What to produce
Everything from the line with "Das ist die" to the line with "BURZKA Rodilleras Neopreno" in the listing below, both lines included, needs to be copied exactly, apart from the pictures.
━━━ Data excerpts
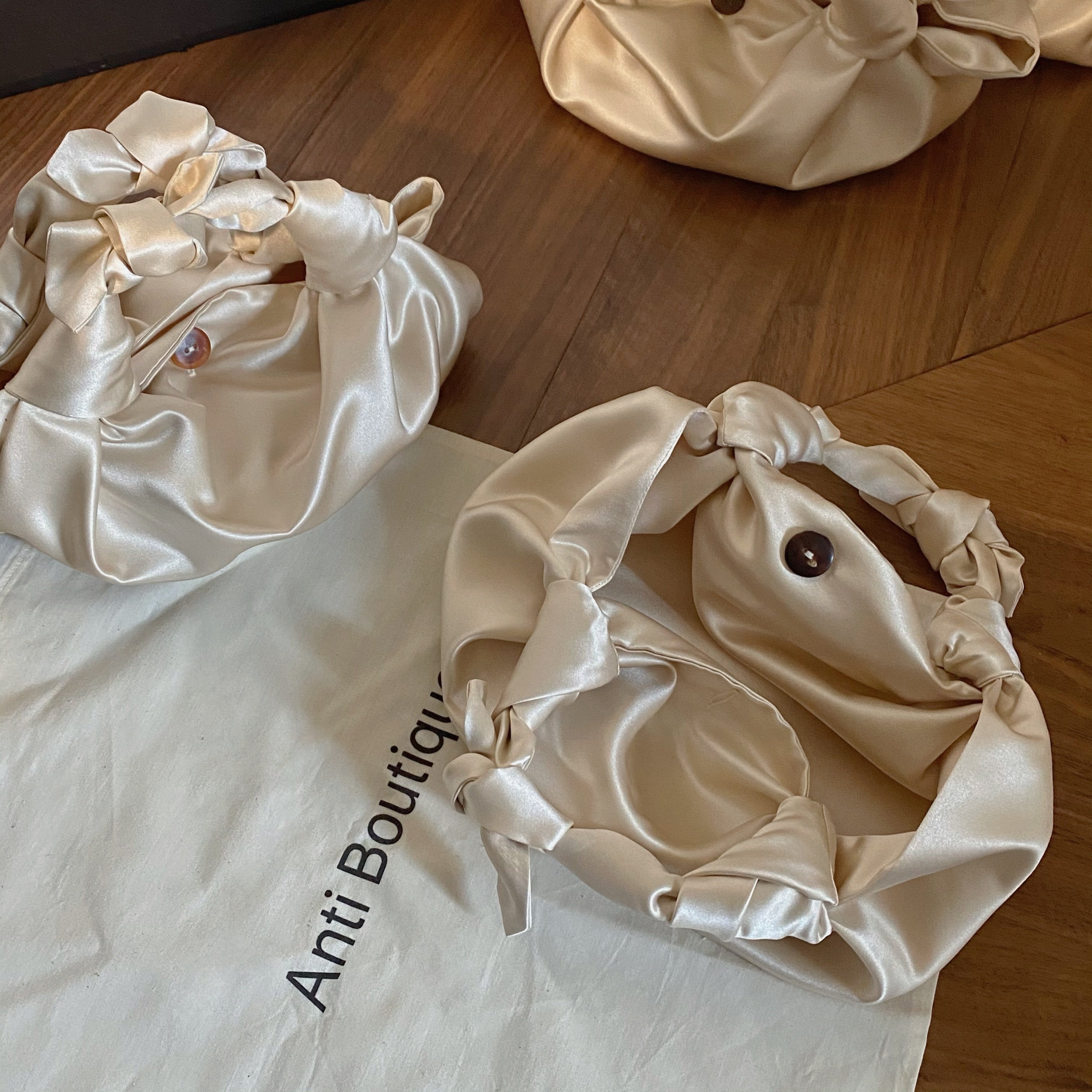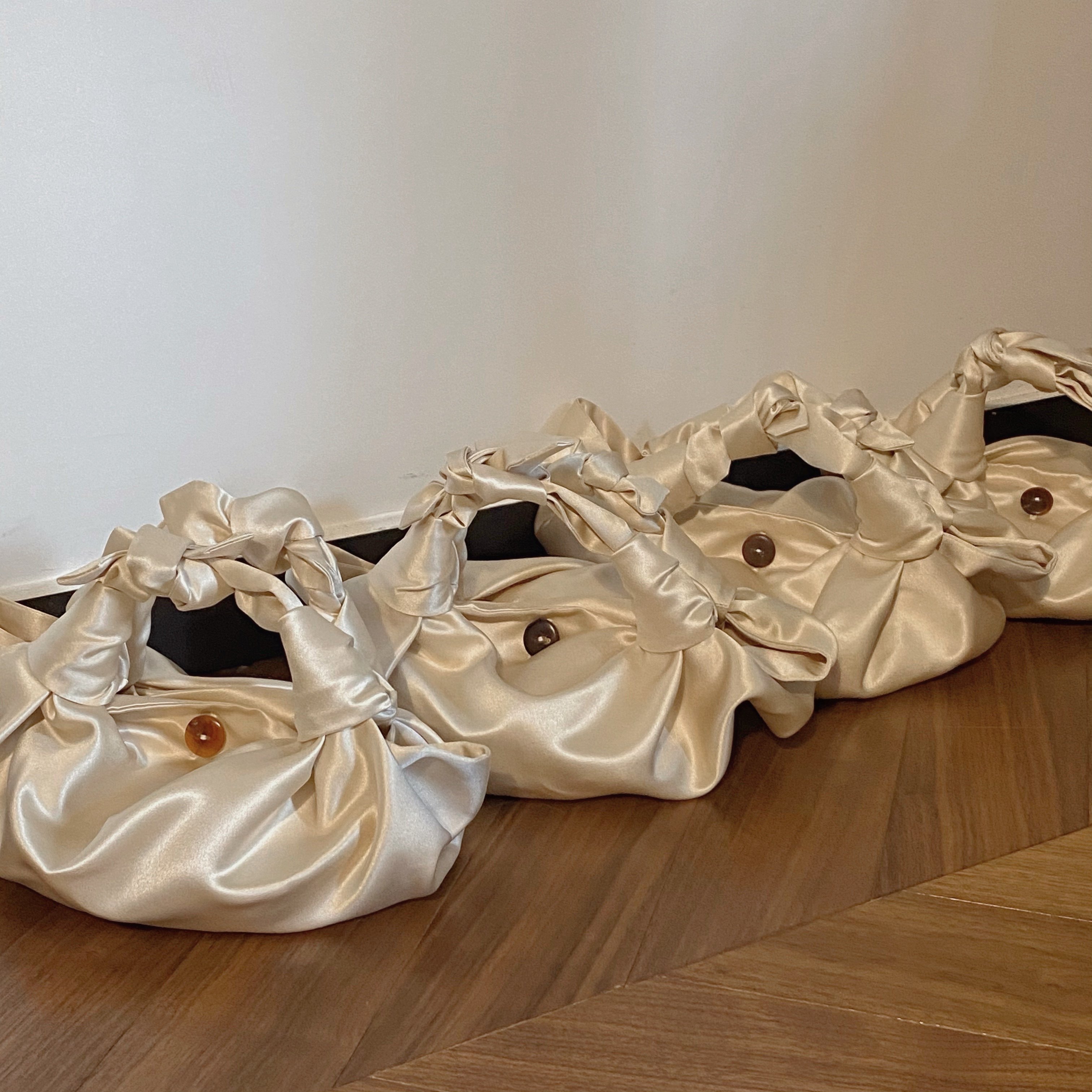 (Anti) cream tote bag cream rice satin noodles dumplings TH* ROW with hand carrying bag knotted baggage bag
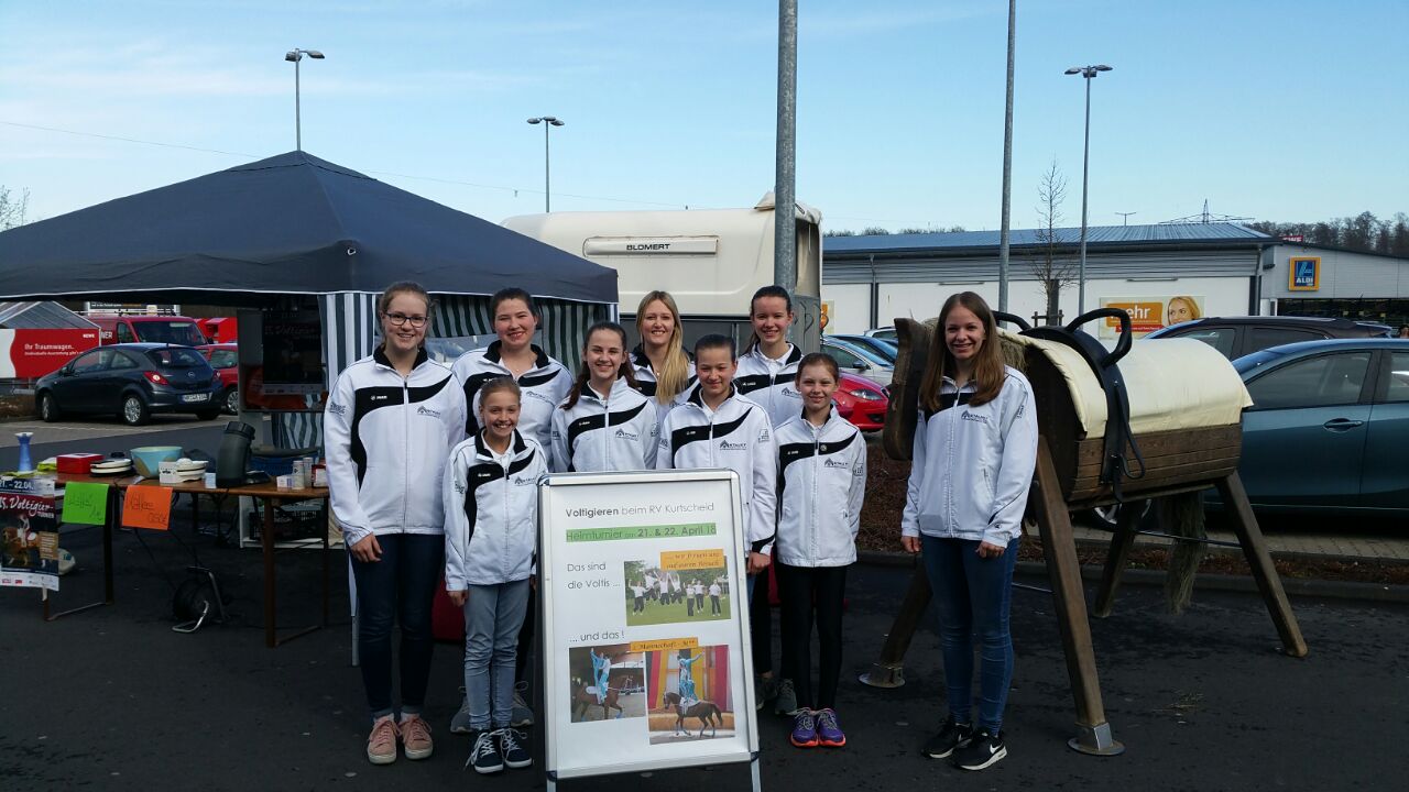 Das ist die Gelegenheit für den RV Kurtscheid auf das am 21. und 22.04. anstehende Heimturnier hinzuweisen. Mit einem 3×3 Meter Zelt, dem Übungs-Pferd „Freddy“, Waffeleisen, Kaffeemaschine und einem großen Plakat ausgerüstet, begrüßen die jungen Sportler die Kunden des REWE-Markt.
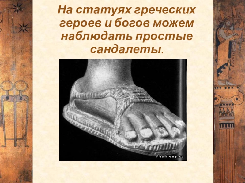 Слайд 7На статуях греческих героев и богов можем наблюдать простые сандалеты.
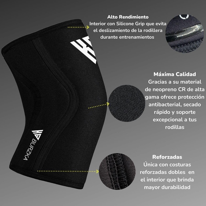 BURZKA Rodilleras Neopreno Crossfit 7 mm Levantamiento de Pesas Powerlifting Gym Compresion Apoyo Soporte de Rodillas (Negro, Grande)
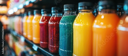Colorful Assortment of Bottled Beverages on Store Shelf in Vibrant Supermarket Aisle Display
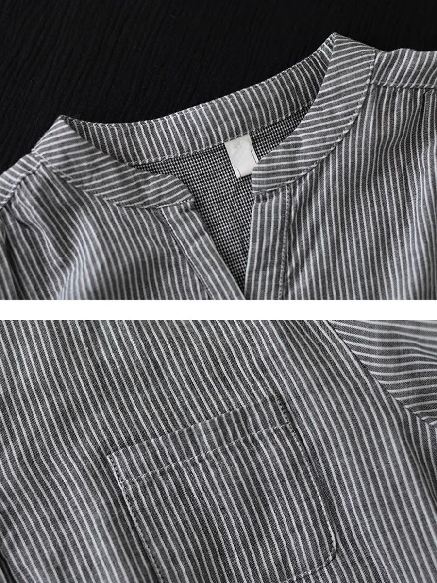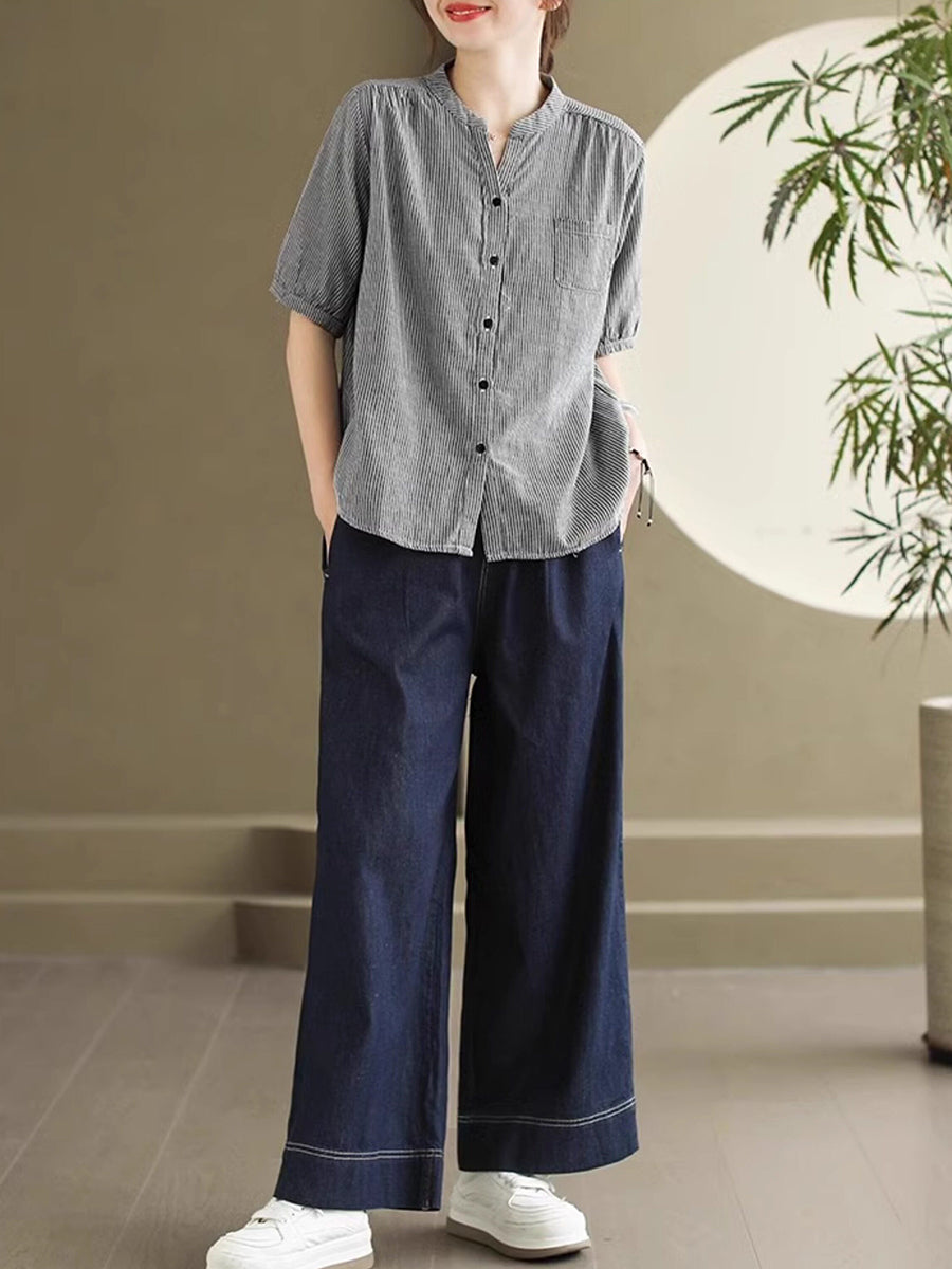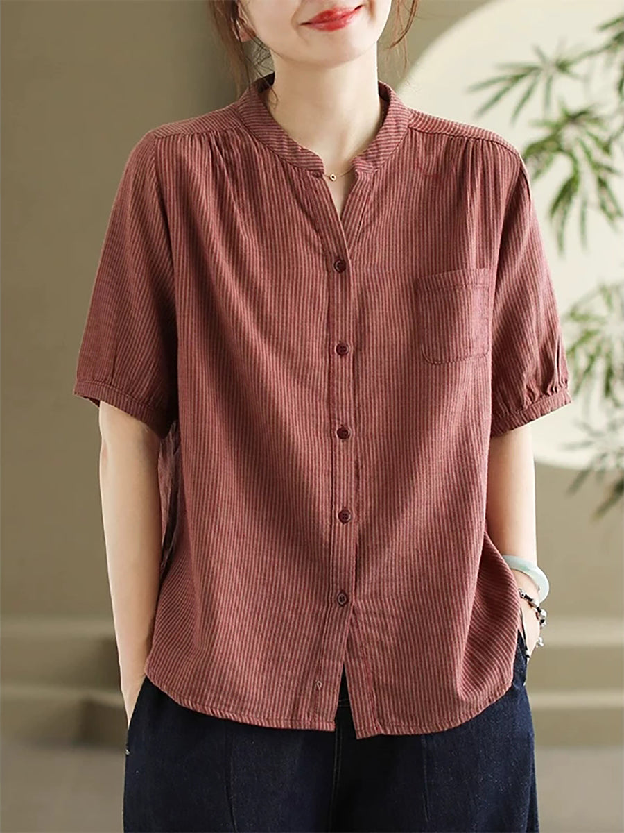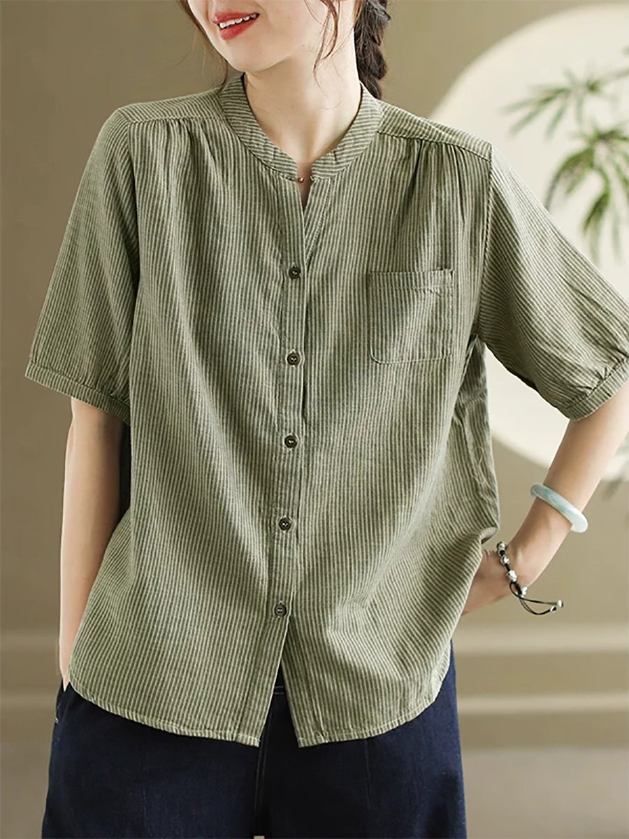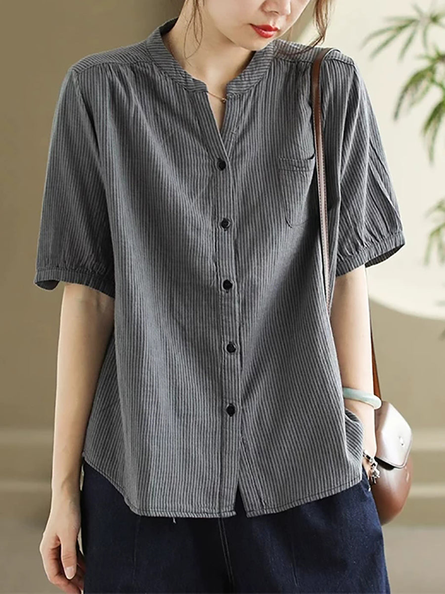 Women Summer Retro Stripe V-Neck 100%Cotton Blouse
━━━━━━
Result of the task
 Das ist die Gelegenheit für den RV Kurtscheid auf das am 21. und 22.04. anstehende Heimturnier hinzuweisen. Mit einem 3×3 Meter Zelt, dem Übungs-Pferd „Freddy“, Waffeleisen, Kaffeemaschine und einem großen Plakat ausgerüstet, begrüßen die jungen Sportler die Kunden des REWE-Markt.
 Слайд 7На статуях греческих героев и богов можем наблюдать простые сандалеты.
 BURZKA Rodilleras Neopreno Crossfit 7 mm Levantamiento de Pesas Powerlifting Gym Compresion Apoyo Soporte de Rodillas (Negro, Grande)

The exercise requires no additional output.